## Processing Large Data with Pandas ### By Evelyn J. Boettcher #### DiDacTex, LLC Py Ohio 2022
### Link to Repo [https://github.com/ejboettcher/evelyn_j_boettcher_cv](https://github.com/ejboettcher/evelyn_j_boettcher_cv/tree/main/_pandas) --- ## Motivation Data sets can get large quickly. You can quickly go from looking at a few 100 rows and a handful of columns to a million rows and hundred of columns.
### If you find yourself saying, #### "My data is BIG data, so I neeed a better computer." Well this talk is for you. I will show how python pandas library with smart use of categories can allow you to read in large data on a laptop. Luckily, we live in a time where the processing power on a laptops would have made the engineers who put a man on the moon; swoon. --- ## Large Data: Big data has been around for a long time. ### Attributes of Large Data * Access controlled * Shows what it shows *
Grows
--- ## Access controlled: planet datasets In the 1600, Johannes Kepler used Tycho Brahe large dataset on planet observations to prove how planets orbit the sun.
+ Unfortunately, Kepler had to wait until Tycho Brahe died before he could get a hold of a large data set.
+ Many thought he played a hand in Brahe's death --- ## Large Data: Shows what it shows You always had to take time to understand it. ### Eclipse of IO In 1676 Ole Roemer (Rømer) armed with only paper, pencil, telescope and a mechanical watch, calculated the speed of LIGHT! Was within 30% simply by looking at Jupiter's moon Io. ### Prior to this people thought that light was instantaneous! His prediction for Io was off by a few minutes. --- ## Measuring the Speed of Light This required LOTS of observations over years and years by multiple people. Romer was calculating when Io would have an eclipse and not the speed of light; so he must have had to recalculate he calculations over and over again by hand to ensure there was not a mistake in the math or observations.

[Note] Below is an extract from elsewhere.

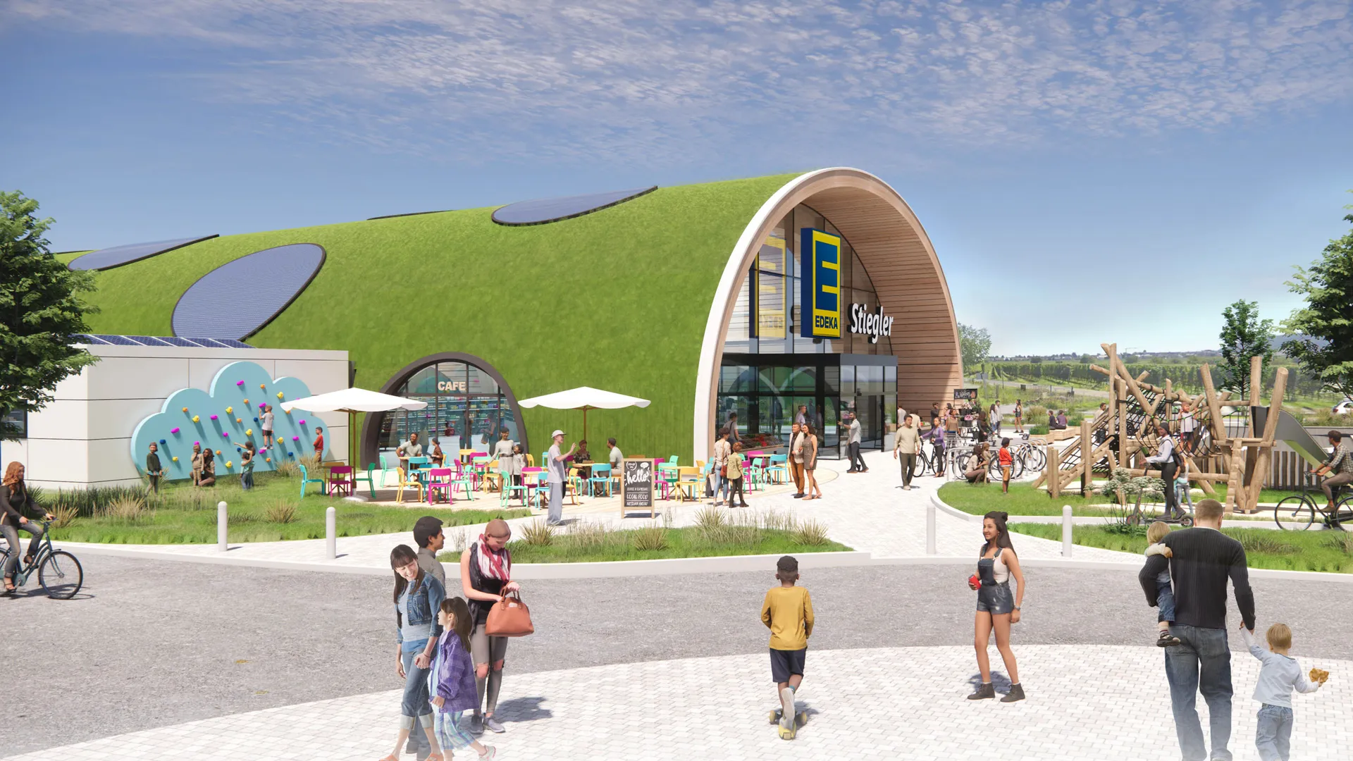 Der neue EDEKA Markt versteht sich nicht nur als Ort des Einkaufens, sondern als sozialer Treffpunkt für die Nachbarschaft. Ein Café mit Außenterrasse und ein begrünter Quartiersplatz laden zum Verweilen ein und fördern den Austausch im Viertel.

### Roemer's Conclusion + My work is correct,
+ the timing is off because light moves at a finite speed. --- ## Our Large Data We have it a bit easier, we only having to deal with: * NaNs: Not A Number * Slow downloads speeds We still have to deal with * Access control * Easter eggs in the data * Data growth
### But, you say, #### "My data is BIG (larger than my computer's working memory) and I want an answer today and not wait a decade." ### Lets talk about the Python library: Pandas. --- ## Python Pandas Python's Pandas is a high performance, easy to use library for analyzing structured data: csv files, json, SQLite etc.
Pandas is fast, powerful and flexible. It enables you to quickly parse data. **But**, it is mainly designed to handle ~<100mb.
There are other tools like Spark to handle LARGE data sets (100 gigabytes to terabytes), but... #### Pandas does an amazing job at cleaning messy / real data. --- ## How does one handle Large data with Pandas When you have a gigabyte of real world data and you want to: * Explore it * Use your laptop and * You don't want to switch to Spark.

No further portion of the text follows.